When the predicted label of a voxel is renal tumor in one prediction result, its vm will be an integer within the range of 1 to K + 1. When vm is equal to 0, its value will be reset to K + 1 to represent the weight of background.

Training with VWCE loss

After Section Pseudo masks generation and Group training and fusion mask generation, the fusion masks of training dataset are generated for the final CNN model training in this stage. Only the final CNN model will be used for testing dataset evaluation. In this stage, we train the CNN on the whole training dataset with the fusion masks. In addition, a new voxel-wise weighted cross-entropy (VWCE) loss function is designed to constrain the CNN training procedure. The traditional cross-entropy loss is defined as follows:

$$ {L}_{CE}=-\frac{1}{M}{\sum}_{m\in M}{\sum}_{c\in C}F{M}_{m,c}\mathit{\log}f\left({X}_{m,c};\theta \right) $$
(7)

where FM are fusion masks defined in Eq. (5), f(X; θ) are the outputs of CNN, M represents the number of samples and C represents the number of classes. In Eq. (7), pixels belonging to different classes have equal weight. In the case of unbalanced datasets, [32] proposed weighted cross-entropy loss defined as follows:

$$ {L}_{WCE}=-\frac{1}{M}{\sum}_{m\in M}{\sum}_{c\in C}{w}_cF{M}_{m,c}\mathit{\log}f\left({X}_{m,c};\uptheta \right) $$
(8)

where, wc represents the weight of class c. Considering the weak annotations used in the training procedure, the voxel-wise weight map generated in the previous stage represents the probability of the predicted class given in the fusion mask. Thus, the voxel-wise weights obtained in Eq. (6) are introduced into Eq. (8) which is defined as follows:

$$ {L}_{VWCE}=-\frac{1}{M}{\sum}_{m\in M}{v}_m{\sum}_{c\in C}{w}_cF{M}_{m,c}\mathit{\log}f\left({X}_{m,c};\theta \right) $$
(9)

Finally, we conduct the final CNN model training with VWCE loss function on fusion masks. Our evaluations are all conducted on CNN trained in this stage.

Training

Data augmentation

The ROIs of the pathological kidneys were cropped from the original images. The size of ROI is fixed at 150*150*N. Due to limited memory of GPU, the original ROIs were resampled to 128*128*64 before fed into the network. For each data, random crops and flipping were used for data augmentation. After data augmentation, the original 120 CT images were augmented into 14,400 images for the CNN training.

Parameter settings

The input are ROIs of kidneys and bounding boxes without any other annotations. Considering that UNet [32] has been widely used for medical image segmentation, we adopted UNet to be the CNN models in stage2 and stage3 in our experiments. The network parameters are updated by means of the back-propagation algorithm using the Adam optimizer. The initial learning rate was set to be 0.001 and decreased by \( decay ed\_ learning\_ rate= learning\_ rate\ast decay\_{rate}^{\frac{global\_ step}{decay\_ step s}} \). In each epoch of training, it takes 3600 iterations to traverse all the training images with the batch size of 4. The class weights of cross-entropy wc in Eqs. (8) and (9) were set to 1.0 and 0.2 for renal tumor and background respectively.

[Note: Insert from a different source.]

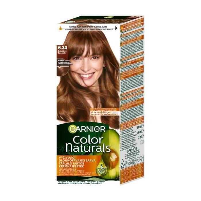 Garnier color naturals je vyživujúca farba na vlasy so zložením obohateným o 5 olejov - olivový, avokádový, bambucké maslo, kokosový a arganový - dodá vašim vlasom lesk a jemnosť. Farba vlasy intenzívne vyživuje, vyhladzuje povrch vlasového vlákna a vytvára ochrannú vrstvu. Technológia „Color boost“ pre bohatšiu a dlhotrvajúcu farbu preniká do vlasových vlákien a vypĺňa ich bohatou farbou. Vďaka záverečnej úprave s 5 olejmi je farba sýta a dlhotrvajúca. Výsledkom sú 5 x silnejšie vlasy, 100 % krytie šedín, ochrana pred vysúšaním a intenzívne odtiene až na 8 týždňov. Doprajte si krásne vlasy plné žiarivých odtieňov s farbou Garnier color naturals!

In stage2, we set the number of subset K to 3 for the training dataset of 120 CT images. Each subset contains 40 CT images. Three CNN models were trained to generate corresponding predictions of each training image. And fusion masks were generated by these predictions. The loss used in this stage is WCE loss defined in Eq. (8).

In stage3, the final CNN is trained by fusion masks as weak annotation labels. We evaluated the performance of the final CNN model with 80 patient images. In order to remove some misclassified outlier voxels, a connected component analysis with an 18-connectivity in 3D was carried out finally. The largest connected component in the output of the final CNN model was extracted as the segmentation results of renal tumors.

Existing methods

We mainly compared with two weakly-supervised methods, i.e., SDI [5] and constrained-CNN [21]. The SDI method used 2D UNet to generate weak labels from bounding box by recursive training and carry out final segmentation. The weakly-supervised information used in the constrained-CNN method includes scribbles and the volume of target tissue. In this paper, the scribbles annotations used in constrained-CNN were generated by employing binary erosion on ground truth for every slice. Furthermore, the volumetric threshold of renal tumor was used in the loss function of Constrained-CNN. It was set to [0.9 V, 1.1 V], where V represents the volume of renal tumor in ground truth. As the architecture of UNet was used in [5, 21], as well as our proposed method, the UNet was trained by all the training dataset with the pixel-wise labels to generate a fully-supervised UNet model for extensive comparison.

Results

Our method has been implemented using PyTorch framework in version 1.1.0. The network training and testing experiments were performed on a workstation with: CPU of i7-5930K, 128GB RAM and a GPU card of NVIDIA TITAN Xp of 12GB memory.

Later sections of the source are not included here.